Chemistry Blog

The difference between cold fusion and cold fusion

In a recent article in C&EN, Steve Ritter writes about a cold fusion presentation at the recent ACS Chicago meeting. The article can potentially be read as lumping the loony-toony crack-pot conspiracy theorists cold fusion with the very real and valid field of low-energy nuclear reactions dealing with cold fusion. So, lets talk about the differences…
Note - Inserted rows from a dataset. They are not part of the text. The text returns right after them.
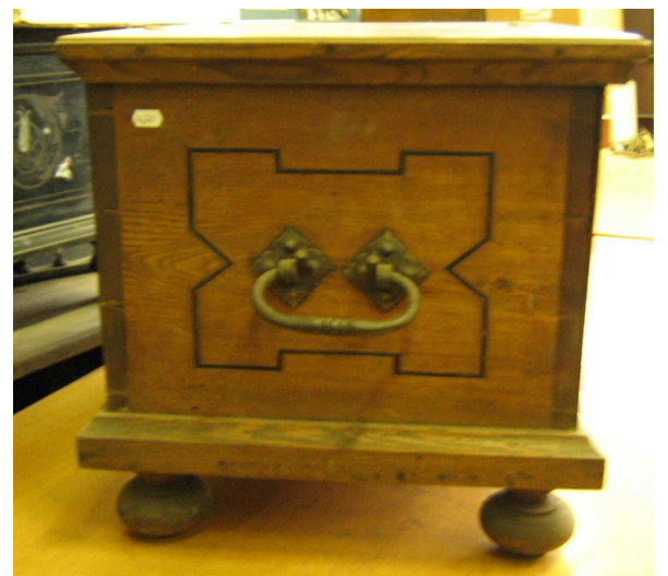
OBR 36 D -2.5.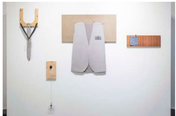
Série Name tag (2022-23) Installation Tissus, bois, vis, tour de cou porte nom, badge, stylo, clé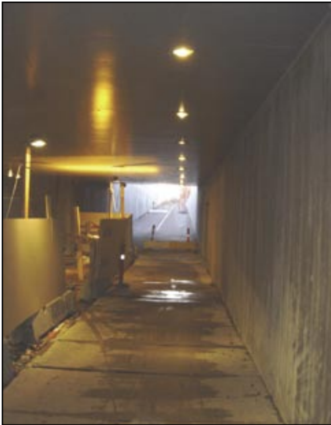
Stitunnelen under anlæg december 2005.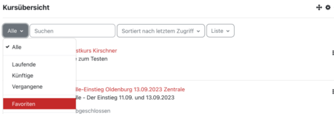
Bild: Favoriten anzeigen in Moodle

Um nur favorisierte Kurse in dieser Liste anzuzeigen, legen Sie folgende Einstellung fest: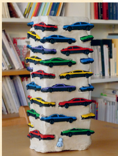
D'après l'œuvre Long term parking d'Arman

Toutes les propositions sont gratuites sauf mention contraire.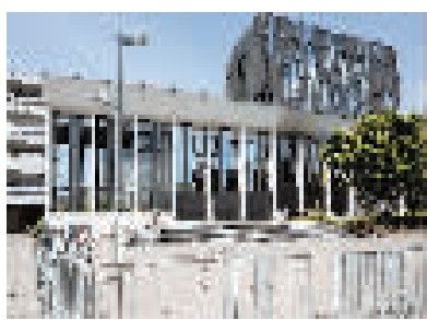
6月30日在法国北部小城蒙桑巴勒拍摄的骚乱中被破坏的市政厅。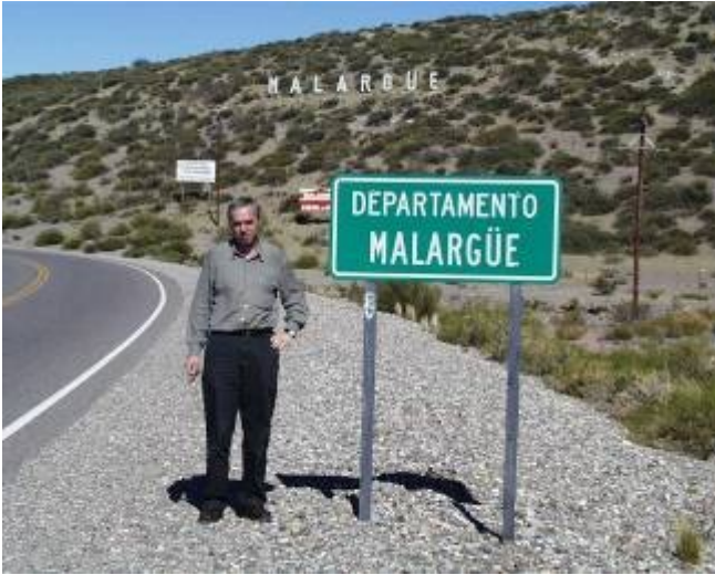
Začátek okresu Malargue poblíž Coihueca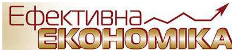
Електронне видання «Ефективна економіка»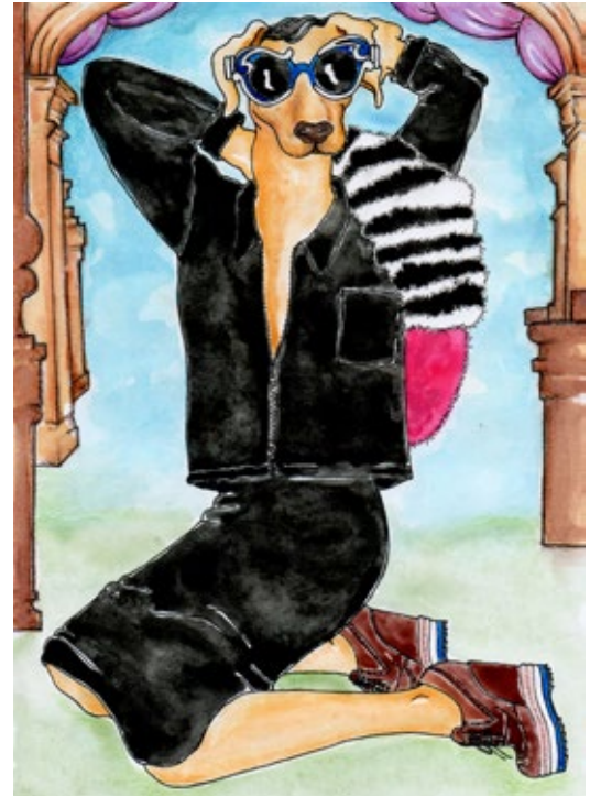
פיגורה שנעשתה עבור חברת פראדה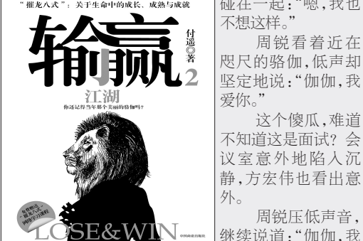
输赢 江湖 LOSE & WIN

Article: http://pubs.acs.org/isubscribe/journals/cen/85/i17/html/8517sci2.html

Low Energy Nuclear Reactions
In this branch of nuclear chemistry there is a subfield called cold fusion. In “cold fusion” a heavy nucleus (Z>2) is accelerated and bombarded against a target composed entirely of Lead(Z=82), or Bismuth(Z=83), or other near neighbor. The term cold fusion is applied for these reactions because when these two nuclei come together they have an excitation energy of ~10-15MeV which is very small when you compare it to other types of nuclear fusion. Since the excitation energy is so low, the newly formed element is stable to fission and thus tends to stick around long enough to be detected by “conventional” means. Some examples of cold fusion reactions exploited in this way are shown below.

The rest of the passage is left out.